Not to hijack the thread but my situation is semi-similar, I will read your link but what about verbal and physical abuse to a child in lieu of sexual abuse? 

I'm asking because as a caretaker, the story isn't as involved as Daedalus, no ex, no step kids, recent diagnosis of husband but I know I can pinpoint 3-4 years ago an incident when I knew something changed, I too am so burned out and am with great difficulty making my husband follow his psychiatrists recommendation of limited contact separation even though it's killing us financially but the only break I have is when he isn't here for hours, or texting me for advice or calling me to ask me what to do about something....I feel your pain...I am exhausted, and in therapy myself, it started as marriage counseling but little did we know how deep the issues are, which means I am now standing in my marriage because I do love my husband, but it's l am also trying to detach enough to work on what are fundamental personality traits that got worse because of depression and anxiety and what is a result of the illness and most importantly, how to stay detached from the behavior enough to not fall into my old habits of trying to please everyone at my mental expense, and keep things stable for our child...But...as my husband is in therapy, he's realizing how much effect his dad's abuse had on him, right down to remembering how he passed out at a school function and he thought at the time it was from probably not eating before hand, of the school was too hot, and now he's starting to think about how he's channeled his stress from childhood.

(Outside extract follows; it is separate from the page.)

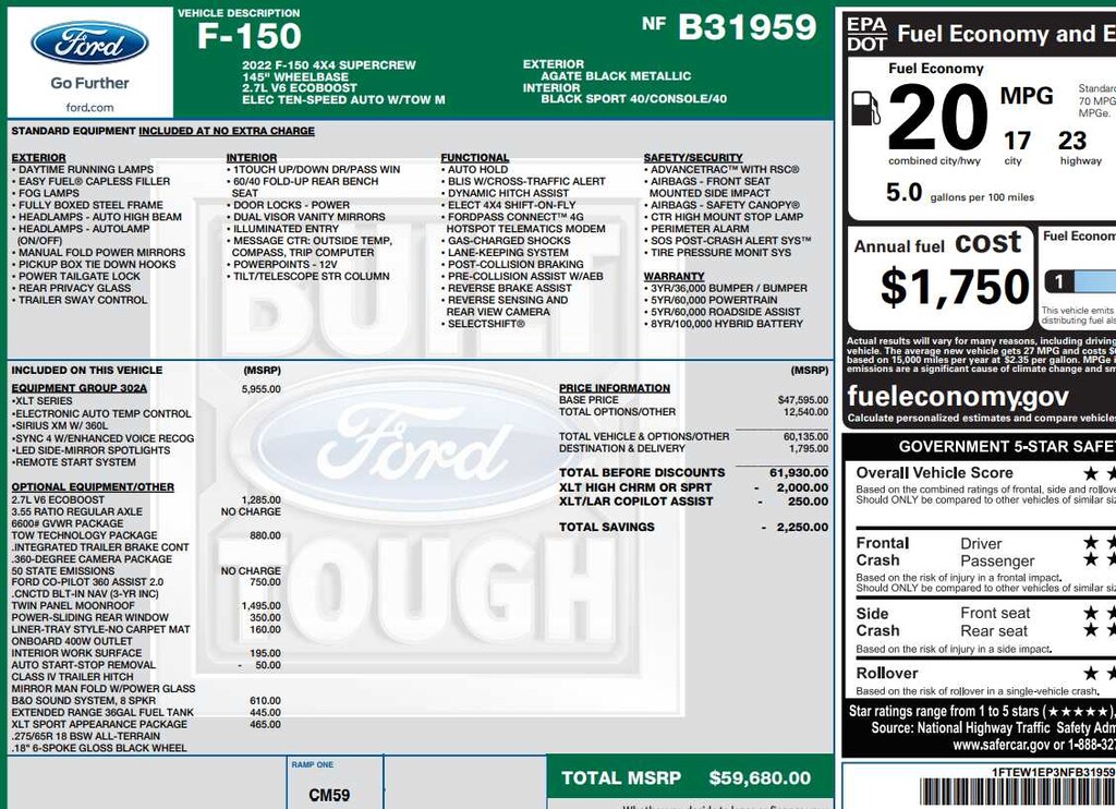 Class IV Trailer Hitch Receiver, towing capability up to TBD lbs, on 3.3L V6 PFDI engine (99B) and 2.7L EcoBoost engine (99P) or up to TBD lbs, on 3.5L EcoBoost engine (998) and 5.0L V8 engine (995), 7/4-pin connector, class IV trailer hitch receiver, smart trailer tow connector ( BLIS w/trailer tow coverage where BLIS is available), XLT Chrome Appearance Package, lower grille trim, Chrome Single-Tip Exhaust, Tires: 275/65R18 BSW Automatic Transmission, Chrome Door & Tailgate Handles w/Body-Color Bezel, bezel on side doors and black on tailgate, Wheels: 18 Chrome-Like PVD, 2-Bar Style Grille w/Chrome 2 Minor Bars, silver painted surround and black background mesh, Bright Polished Step Bars, Zone Lighting, Leather-Wrapped Steering Wheel, Intelligent Access w/Push Button Start, approach detection, SecuriCode, TWIN PANEL MOONROOF, 3.55 Axle Ratio, GVWR: 6,600 lbs Payload Package, smart trailer tow connector and BLIS w/trailer tow coverage where BLIS is available, Integrated Trailer Brake Controller, 360 Degree Camera, trailer reverse guidance, Pro Trailer Backup Assist, rain-sensing wipers and forward sensing system, Evasive Steering Assist, Intelligent Adaptive Cruise Control w/Stop & Go, lane centering, Speed Sign Recognition, Connected Built-In Navigation (DISC), Navigation services require SYNC4 and FordPass Connect (optional on select vehicles), complimentary connect service and the FordPass app (see FordPass Terms for details), Eligible vehicles receive a complimentary 90-day trial of navigation services that begins on the new vehicle warranty start date, Customers must unlock the navigation service trial by activating the eligible vehicle w/a FordPass member account, If not subscribed by the end of the complimentary period, the navigation service will terminate, Connected service and features depend on compatible AT&T network availability, Evolving, HD radio and 8 speakers including subwoofer, body-color wheellip moldings and unique interior finish, Box Side Decals, Chrome Single-Tip Exhaust, Body-Color Door & Tailgate Handles, body-color bezel on side doors and black on tailgate, Tires: 275/65R18 BSW Automatic Transmission, Wheels: 18 6-Spoke Machined Aluminum, gloss black painted pockets, Accent-Color Step Bars, Body-Color Front & Rear Bumpers, body-color front fascia, Black 2-Bar Style Grille w/Black Surround/Accents, selectable drive modes: normal, ECO, sport, tow/haul, slippery, deep snow/sand and mud/rut (STD).

He's already recongized he's "zoned" out in life, focusing on necessary things only (which isn't good for a marrige) and he realizes he has such a low bar of good things, like getting through a week without a disagreement with anyone is a good week...I'm just wondering if the verbal and hitting abuse equates to sexual abuse for depression and BPD as near his psychotic break, and months leading up to it, the verbal abuse, blame, being the victim was his mantra, not only was it his mantra, he made it his mission to be the victim and broadcast everything wrong he perceived I did in our marrige, but that's another thing I need to work through.

Again, sorry to hijack the post but are situation seems to be similar with burnout and in our state if the person isn't actually trying to kill someone, even the family doctor couldn't get my husband in in-patient care because he refused, so as much as it would give the caretaker a break, it's just not an option for most people.


----------



## Uptown (Mar 27, 2010)

Lorraine M said:


> Not to hijack the thread but my situation is semi-similar, I will read your link but what about verbal and physical abuse to a child in lieu of sexual abuse?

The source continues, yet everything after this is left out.